__DATASET SECTION__.
····················

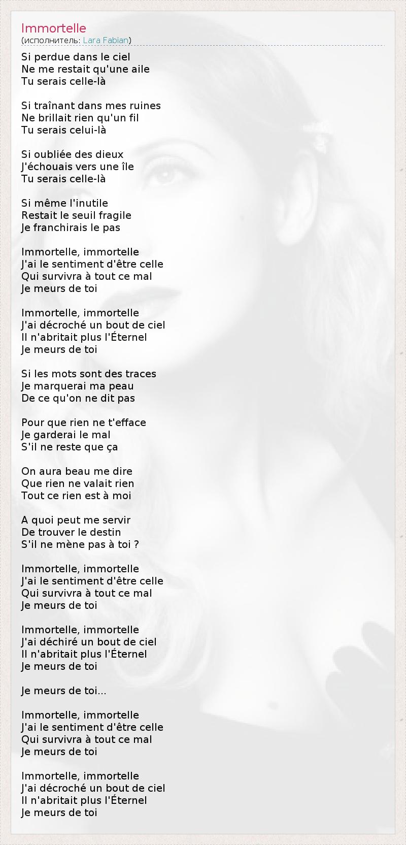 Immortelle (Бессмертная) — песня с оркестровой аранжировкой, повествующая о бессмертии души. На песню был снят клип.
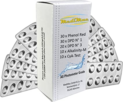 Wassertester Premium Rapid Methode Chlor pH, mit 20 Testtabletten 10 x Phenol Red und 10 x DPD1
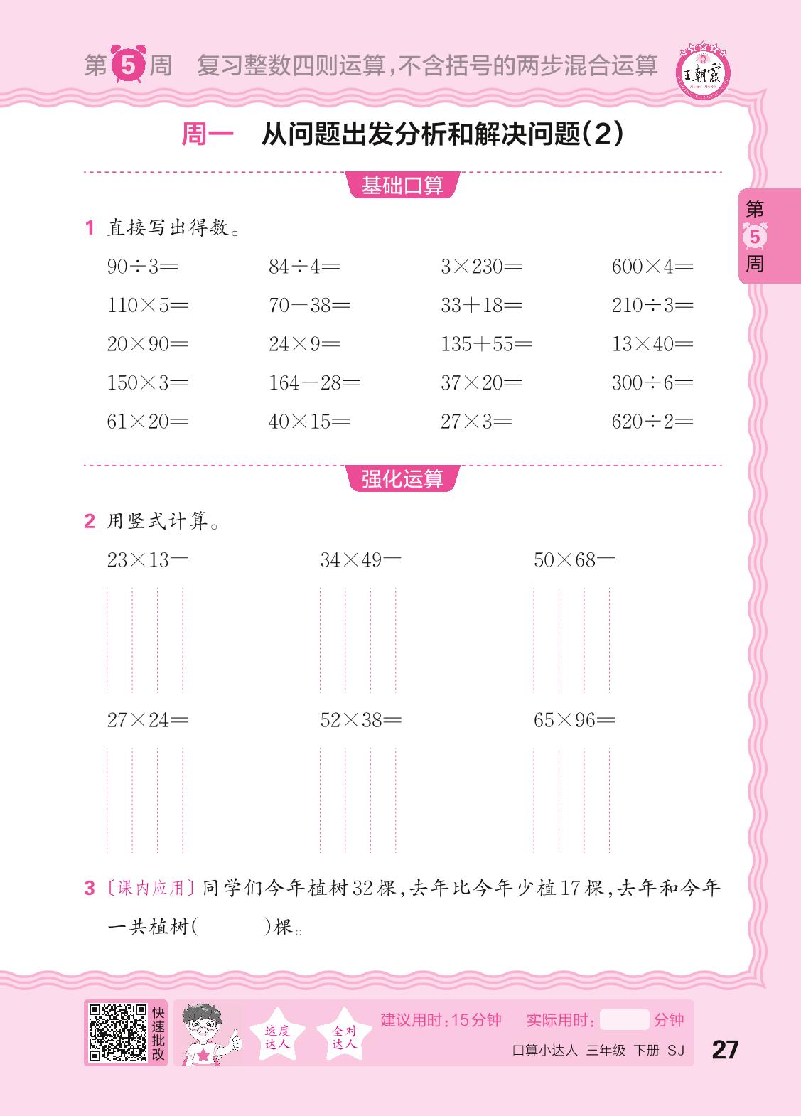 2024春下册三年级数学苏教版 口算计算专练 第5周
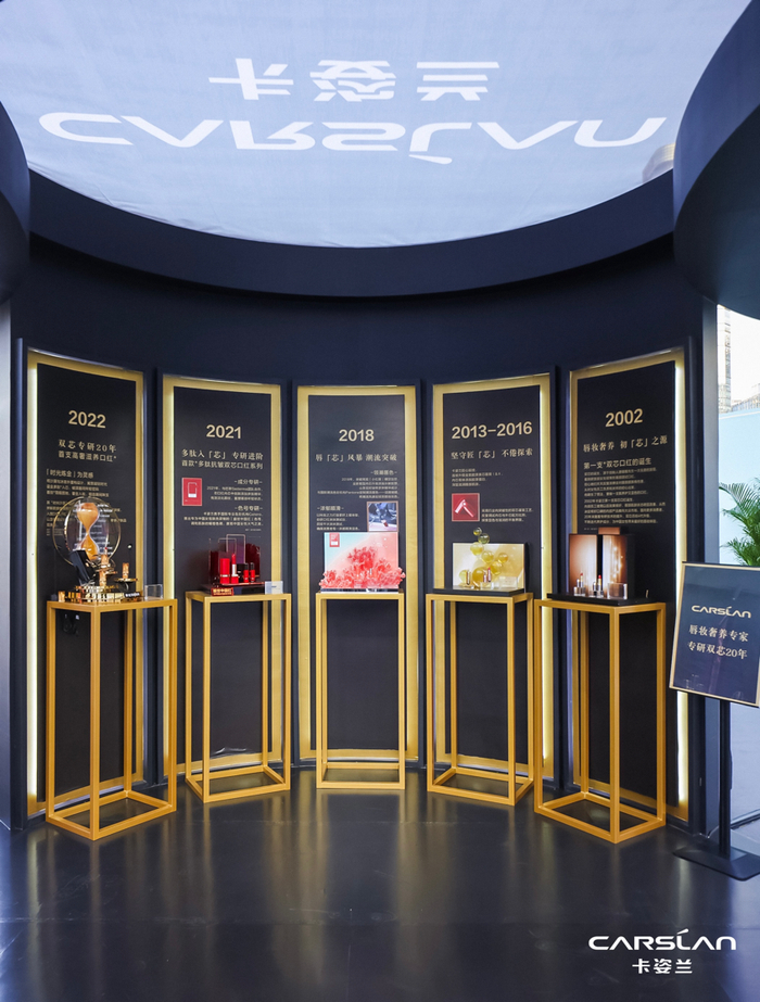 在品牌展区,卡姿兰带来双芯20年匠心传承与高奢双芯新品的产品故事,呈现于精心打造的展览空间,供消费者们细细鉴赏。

····················

__WHAT YOU WILL DO__. Before writing out the material above, please remove its pictures; everything else stays exact.

__EXPECTED ANSWER__.
 Immortelle (Бессмертная) — песня с оркестровой аранжировкой, повествующая о бессмертии души. На песню был снят клип.
 Wassertester Premium Rapid Methode Chlor pH, mit 20 Testtabletten 10 x Phenol Red und 10 x DPD1
 2024春下册三年级数学苏教版 口算计算专练 第5周
 在品牌展区,卡姿兰带来双芯20年匠心传承与高奢双芯新品的产品故事,呈现于精心打造的展览空间,供消费者们细细鉴赏。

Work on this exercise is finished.